- [Work to complete]: Pictures excluded, return the lines below from the first through the line holding "Lift–drag coefficients of".

- [Stored data]:
○ ○ ○ ○ ○
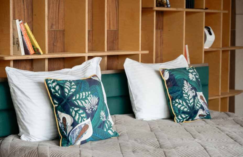 В тёплое время года можно окунуться в прохладную воду маленького озера сразу после парной, а потом расслабиться в чилаут-зоне на открытой площадке на крыше.
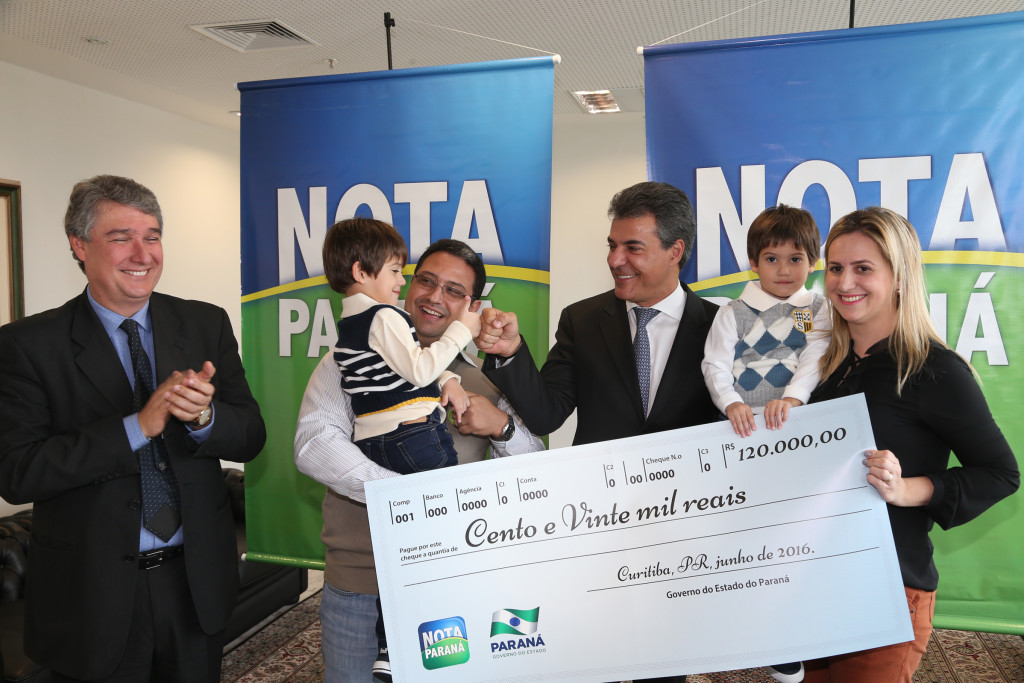 Os ganhadores dos três principais prêmios do sétimo sorteio do programa Nota Paraná moram no interior e vão usar o dinheiro para a casa própria da família. Eles receberam os prêmios do governador Beto Richa nesta sexta-feira, 17, em Curitiba. “Os números mostram a conscientização da população em colocar o CPF na nota fiscal, mostrando que é um programa sério, que traz muitos benefícios, que premia o consumidor, inibe a concorrência desleal no comércio e reduz a carga tributária individual, já que parte do que é gasto retorna para o contribuinte por meio de crédito”, disse Richa sobre a adesão ao programa que até agora, entre prêmios e créditos, já disponibilizou R$ 178,6 milhões aos participantes.
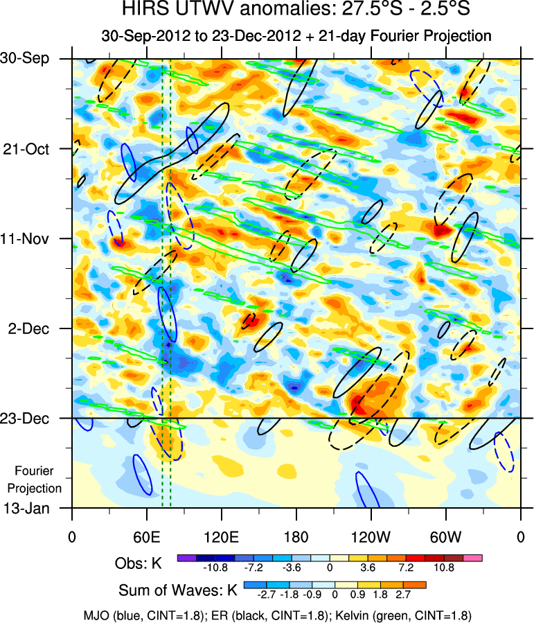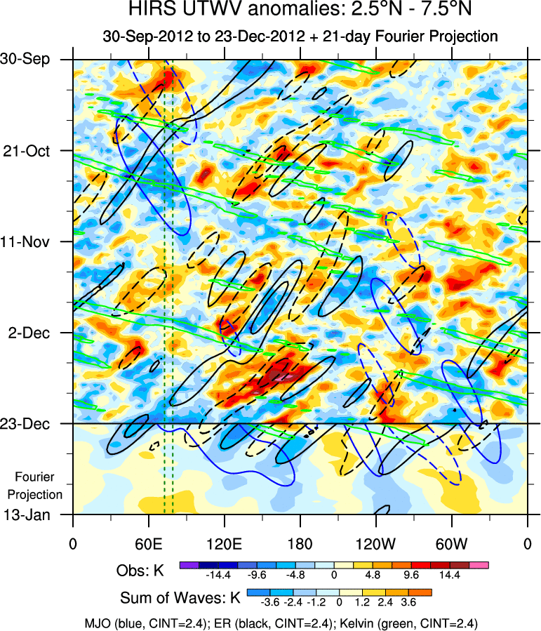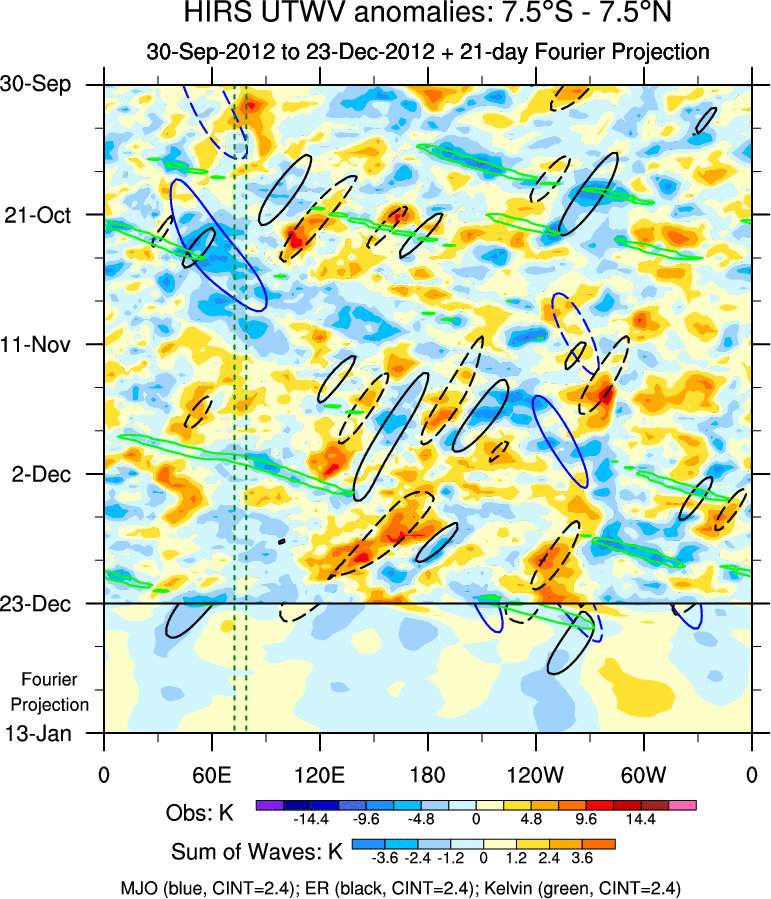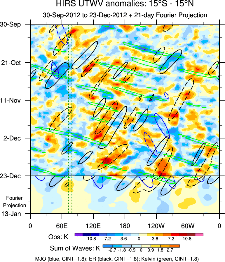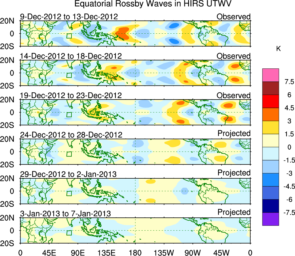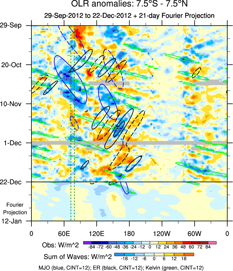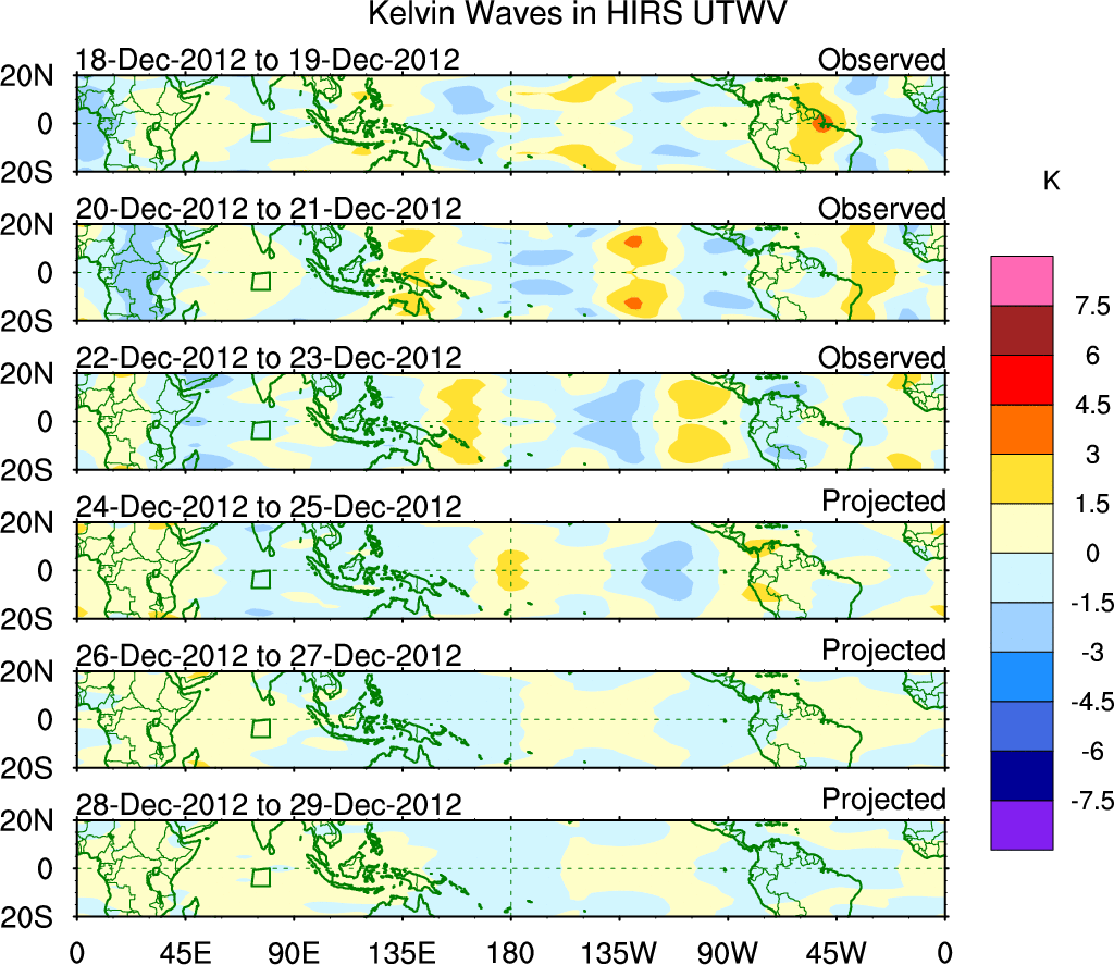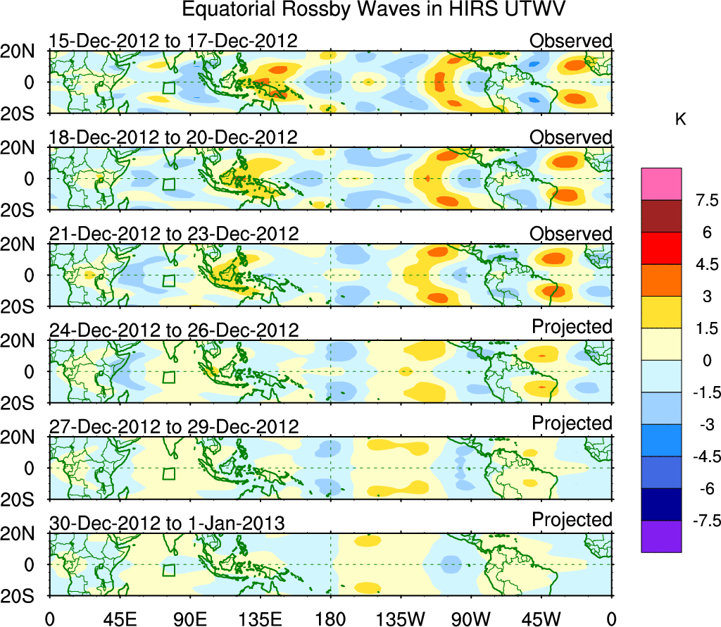 To identify tropical waves in near real-time, the OLR and UTWV data are filtered following Wheeler & Weickmann (2001 MWR). The daily anomalies are calculated using the first 3 harmonics of the seasonal cycle for 1979–2009. Missing values are then filled using linear interpolation in space and time. The most recent 365 days of anomalies are padded with 659 days of zeroes, and the result is filtered for each wave type.
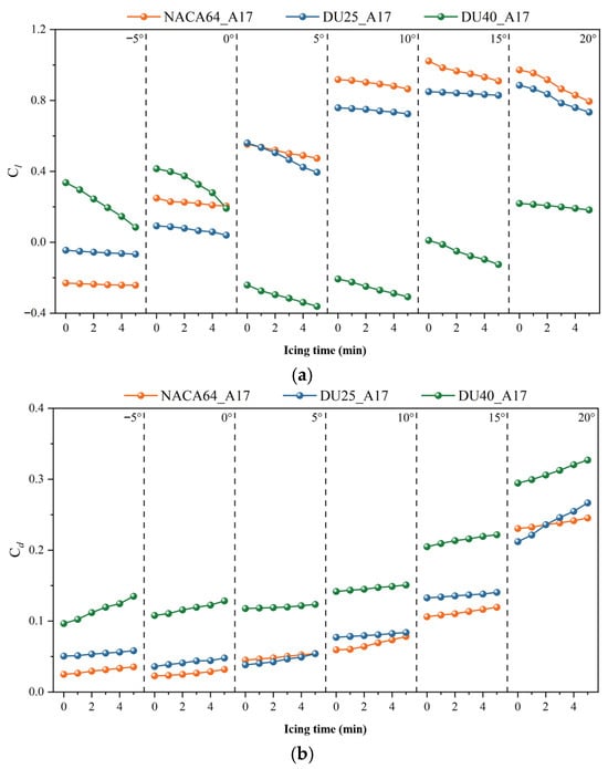 Lift–drag coefficients of blade airfoil segments after icing at different icing times. (a) Lift coefficients. (b) drag coefficients.
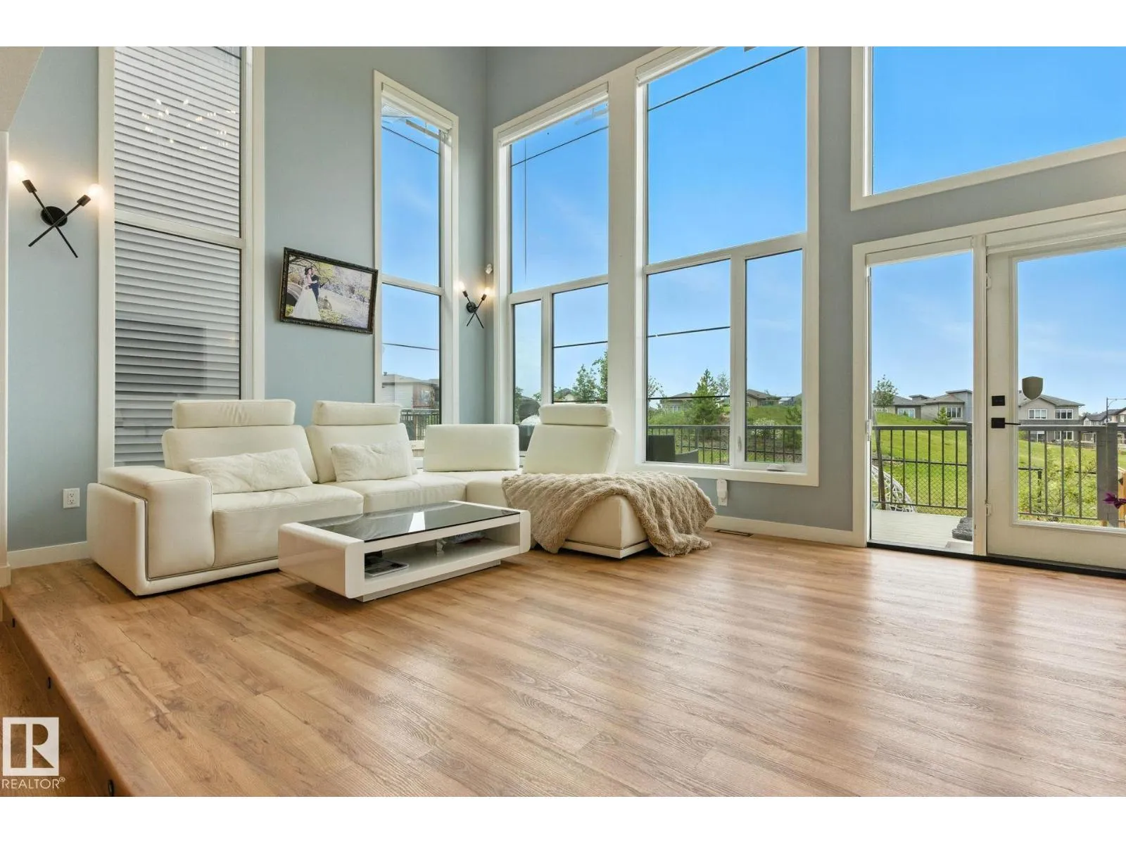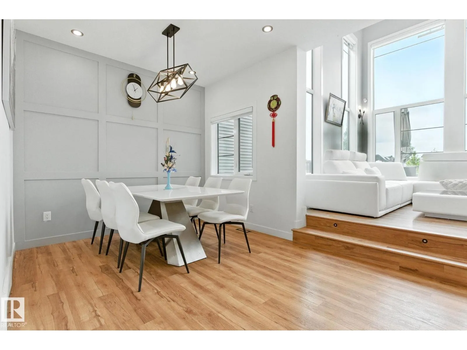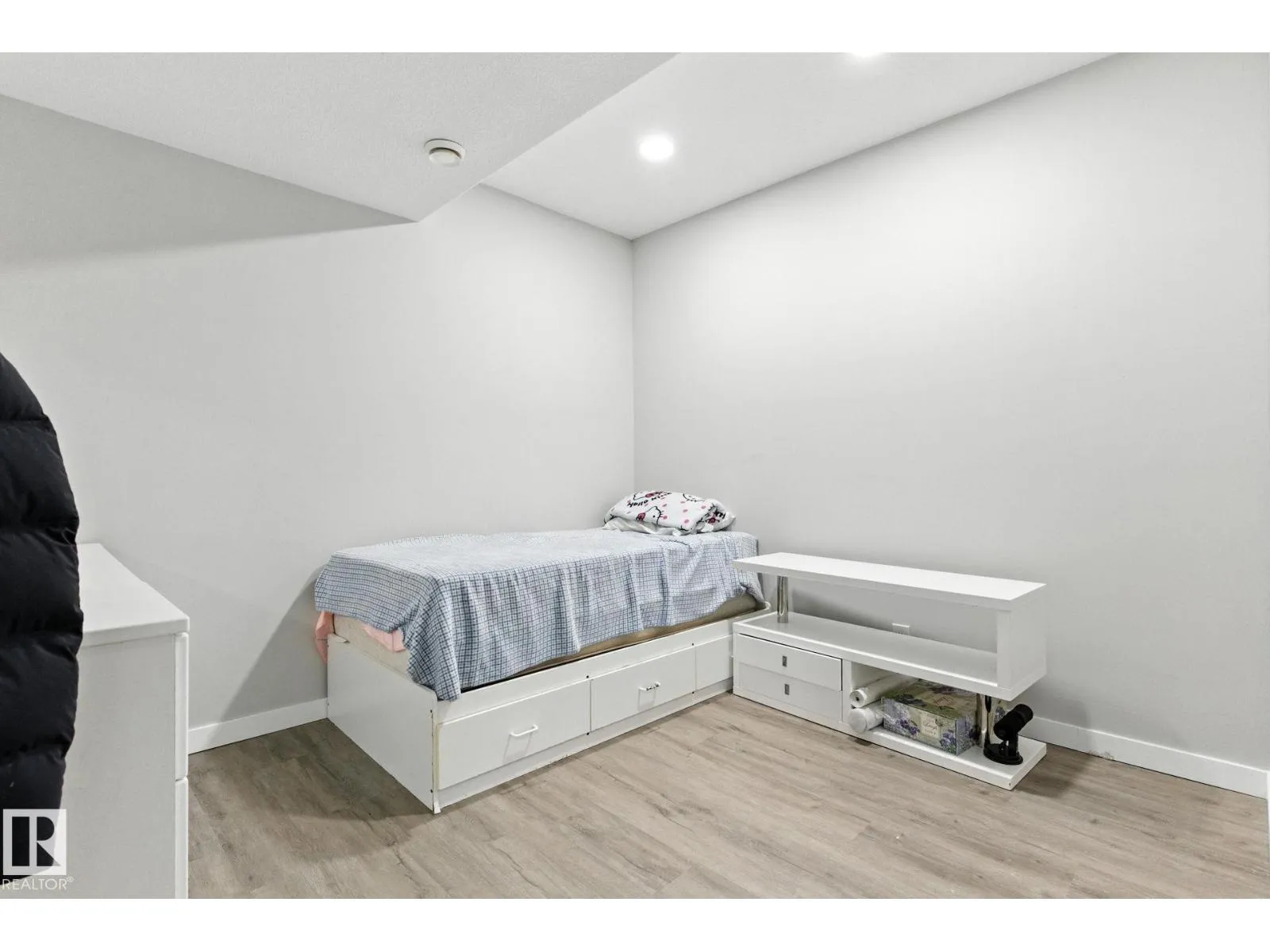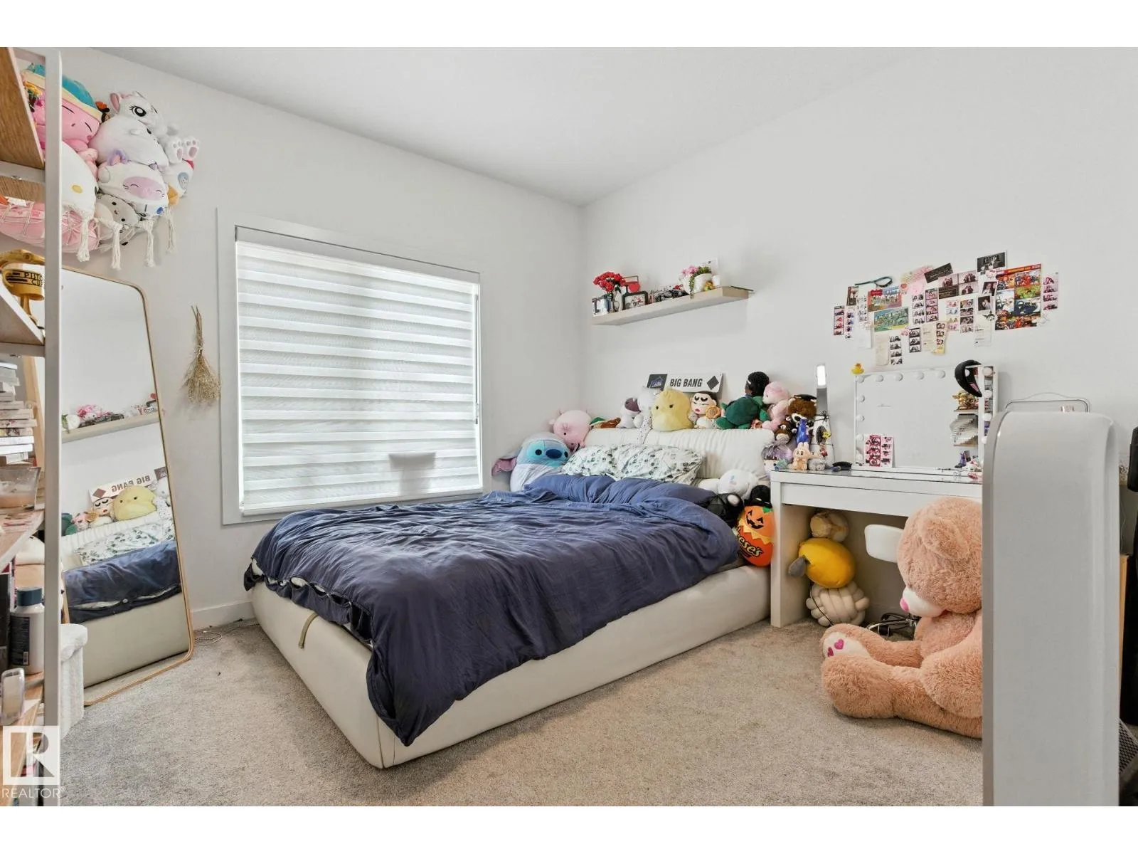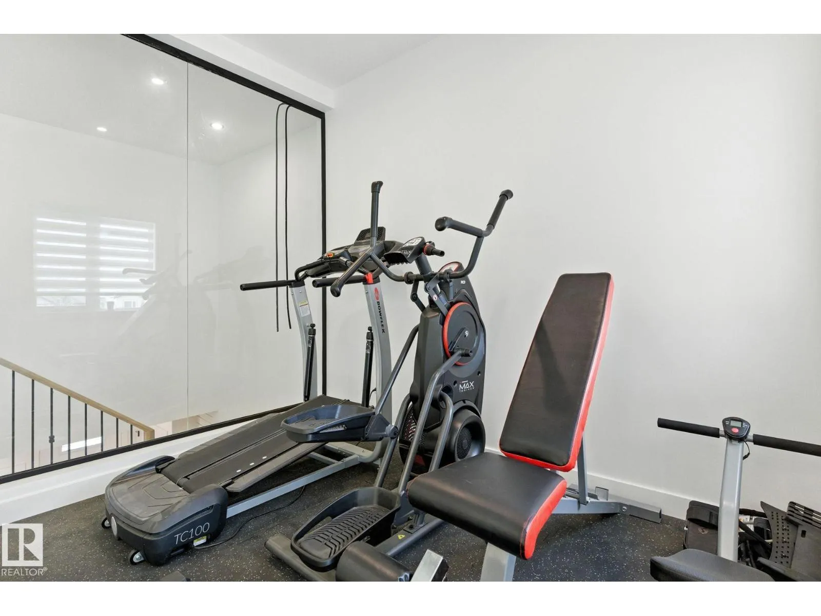 In the growing community of Kinglet Gardens, this home combines style and functionality, featuring elegant flooring, accent walls, upgraded lighting, and a kitchen with warm wood tones, built-in wine storage, and modern appliances. The main floor offers a dining area, full bathroom, and a flexible office or bedroom, while the open-to-above living room with floor-to-ceiling windows allows natural light to fill the space and creates a sense of openness. Upstairs includes a bonus room, a space suitable for a gym or meditation area, and a primary suite with coffered ceilings, barn door, ensuite with dual sinks, and a walk-in closet connected to the laundry, along with two additional bedrooms and a full bathroom. The finished basement features a separate side entrance, wet bar, entertainment area, and a den that can be used for work, guests, or hobbies, with additional storage and utility spaces. Located near schools, parks, and main roadways, the home supports a well-connected and convenient lifestyle. (id:27476)
○ ○ ○ ○ ○
- [Task response]:
 В тёплое время года можно окунуться в прохладную воду маленького озера сразу после парной, а потом расслабиться в чилаут-зоне на открытой площадке на крыше.
 Os ganhadores dos três principais prêmios do sétimo sorteio do programa Nota Paraná moram no interior e vão usar o dinheiro para a casa própria da família. Eles receberam os prêmios do governador Beto Richa nesta sexta-feira, 17, em Curitiba. “Os números mostram a conscientização da população em colocar o CPF na nota fiscal, mostrando que é um programa sério, que traz muitos benefícios, que premia o consumidor, inibe a concorrência desleal no comércio e reduz a carga tributária individual, já que parte do que é gasto retorna para o contribuinte por meio de crédito”, disse Richa sobre a adesão ao programa que até agora, entre prêmios e créditos, já disponibilizou R$ 178,6 milhões aos participantes.
 To identify tropical waves in near real-time, the OLR and UTWV data are filtered following Wheeler & Weickmann (2001 MWR). The daily anomalies are calculated using the first 3 harmonics of the seasonal cycle for 1979–2009. Missing values are then filled using linear interpolation in space and time. The most recent 365 days of anomalies are padded with 659 days of zeroes, and the result is filtered for each wave type.
 Lift–drag coefficients of blade airfoil segments after icing at different icing times. (a) Lift coefficients. (b) drag coefficients.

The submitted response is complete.